Keywords: Income Distribution;lecture
Measuring Inequality—Understanding Inequality Using Decompositions
The topic of the first lecture was “Measuring Inequality—Understanding Inequality Using Decompositions that primarily analysed income inequality in Mozambique”. Mozambique is located in the South of Africa and used to be among the least developed and high-debt-burdened country in extreme poverty. In 1992, Mozambique entered its democratic era with economic structure reforms firmly initiated by its government. As a result, it experienced a rapid economic recovery with an average annual growth rate of 10%. Professor Gradin used S Cure, absolute and relative indicators, Lorenz Curve and other graphs from Curve functions to help the audience understand his works. During the lecture, Professor Gradin facilitated the audience to understand the stories behind the data from different perspectives with inter-and intra-group decomposition, decomposition of different income sources, regressions and other methods. Consequently, he concluded that: Along the way, poverty reduction is accompanied by an increase in inequality, especially in recent years. Economic growth has benefited the wealthy unproportionate more and the solution to a better future for all would be the development of education.

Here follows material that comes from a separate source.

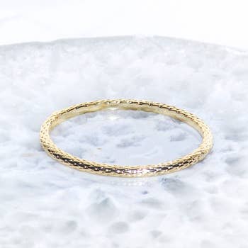 Elevate your wrist stack with a blend of modern artistry and robust durability! Our "Textured Hinged Water Resistant Bangle" is designed for the individual who demands both style and resilience from their everyday jewelry. The hinged design ensures a comfortable and secure fit, making it incredibly easy to put on and take off while maintaining its sleek, continuous form on your wrist. Water Resistant Inner Circumference: 6.5" Inner Measurements: 2.4" x 1.9" Hinged Closure (Apply light pressure to open & close) 18k Gold PVD Plated Stainless Steel PVD Plating offers a slightly darker gold tone
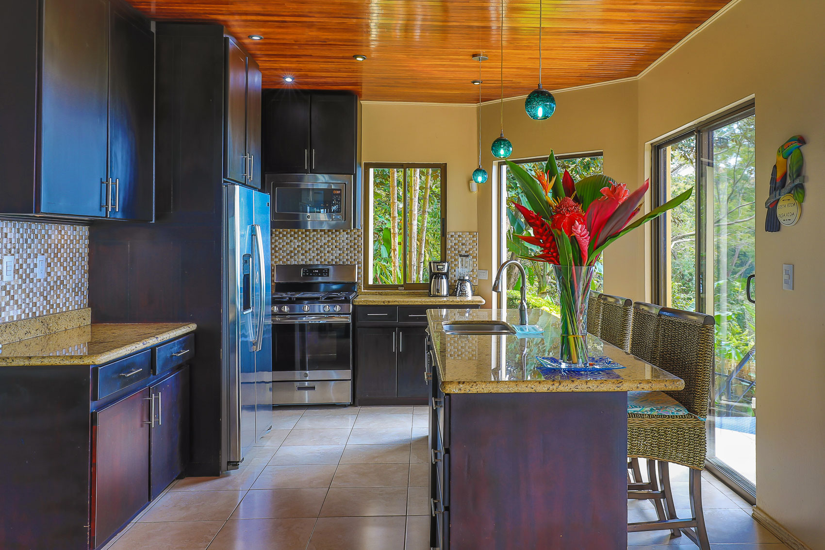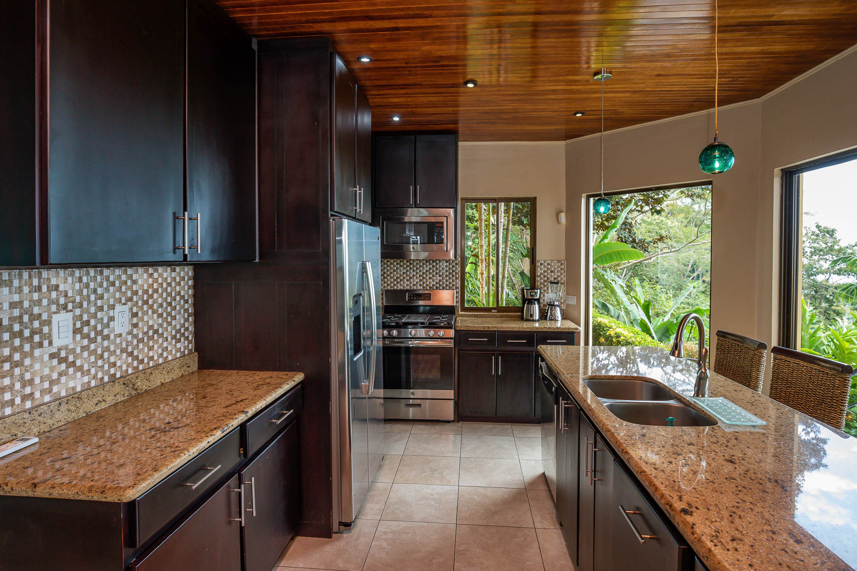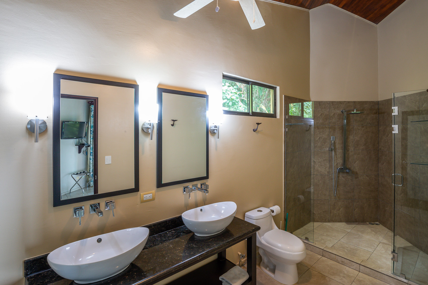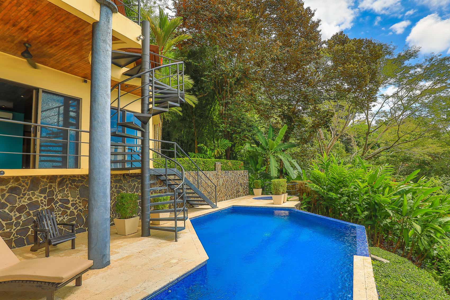 This is largest of the Paradise Breezes Villas and will literally take your breath away with unforgettable panoramic views. Entry into Paradise Breezes is through a secure gated entrance and the homes resides a short easy 2 minute drive up a well maintained road through natural Costa Rican fauna. Nestled away amongst a backdrop of serene jungle, the home of Villa Buena Vista boasts majestic wide-open views over the Pacific Ocean. Listen to the waves of Dominical, Guapil and Hatillo crashing in the background while gazing upon the sunsets right out front.

Quantifying the contribution of a subpopulation to inequality ;An application to Mozambique
On 18th May, Professor Carols Gradin conducted the lecture titled “Quantifying the contribution of a subpopulation to inequality; An application to Mozambique”. The lecture showed the essentialness of using subpopulation in analysing the level and trends of inequality in different countries. Through intra- and inter-group analysis, a more detailed analysis on inequality is established that quantifies the contribution of the subgroups to inequality. After that, Professor Gradin used both standard and Shapley decomposition to analyze the population sub-groups’ effect on inequality based on the RIP regression model. The empirical study on Mozambique’s consumption inequality showed that the wealthiest group had an unproportionate contribution to inequality. The contribution effect has shown an increasing trend. The Theil Index obtained from Shapley Composition also referred to a similar trend.
Professor Gradin utilized many graphs and charts to clearly illustrate his findings and actively engaged with the audience during the Q&A session.